While hundreds of millions of users interact with chatbots like ChatGPT (Malik, 2023), the conversation logs remain largely opaque for open research, limiting our understanding of user behavior and system performance. Recently, initiatives such as WildChat (Zhao et al., 2024) and LMSYS-Chat-1M (Zheng et al., 2024) have released millions of real-world user-chatbot interactions, offering rich opportunities to study interaction dynamics. However, the volume and complexity of these datasets pose significant challenges for effective analysis.

Refer to caption
Figure 1: Illustration of an exact, compositional filter-based search in WildVis. This example demonstrates the application of multiple criteria, including the keyword “Election,” conversations with more than two turns, and chats from users in Florida.

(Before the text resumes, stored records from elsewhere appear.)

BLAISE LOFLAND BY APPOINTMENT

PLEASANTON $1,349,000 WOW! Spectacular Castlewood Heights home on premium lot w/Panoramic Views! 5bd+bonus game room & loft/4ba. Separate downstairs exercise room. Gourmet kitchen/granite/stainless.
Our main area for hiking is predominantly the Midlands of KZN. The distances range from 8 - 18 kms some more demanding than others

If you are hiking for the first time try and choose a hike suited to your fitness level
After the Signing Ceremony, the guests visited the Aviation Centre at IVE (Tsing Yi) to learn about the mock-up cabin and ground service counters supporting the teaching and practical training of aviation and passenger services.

To help researchers uncover patterns and anomalies within these vast chat datasets, we introduce WildVis, an interactive tool for exploring million-scale chat logs. WildVis enables researchers to find conversations based on specific criteria, understand topic distributions, and explore semantically similar conversations, all while maintaining efficiency. Figure 1 illustrates an example search using WildVis, applying criteria such as the keyword “Election,” conversations with more than two turns, and chats from users in Florida, among others.

Refer to caption
Figure 2: WildVis Filter-Based Search Page.222This example is available at https://wildvisualizer.com/?contains=homework&toxic=false&language=English. This screenshot shows the application of multiple filters, including conversation content (“homework”), non-toxicity, and language (English), to narrow down the search results. The interface displays relevant conversations that match the specified criteria. Users can click on each conversation ID to navigate to the conversation details page. Additionally, metadata in the displayed results, such as the hashed IP address, is clickable, allowing users to filter based on that specific metadata.

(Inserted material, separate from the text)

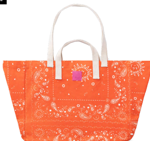
CAB02 Bandana print, orange
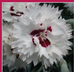
NEW! Silver Star

WildVis features two main components: an exact, compositional filter-based retrieval system, which allows users to refine their search using ten predefined filters such as keywords, geographical location, IP address, and more. The second component is an embedding-based visualization module, which represents conversations as dots on a 2D plane, with similar conversations positioned closer together. Both components are designed to scale to millions of conversations. A preliminary version of the tool, which supported filter-based retrieval for one million WildChat conversations, was accessed over 18,000 times by 962 unique IPs in July and August 2024 alone. The latest release, described in this paper, extends support to both components for WildChat and LMSYS-Chat-1M.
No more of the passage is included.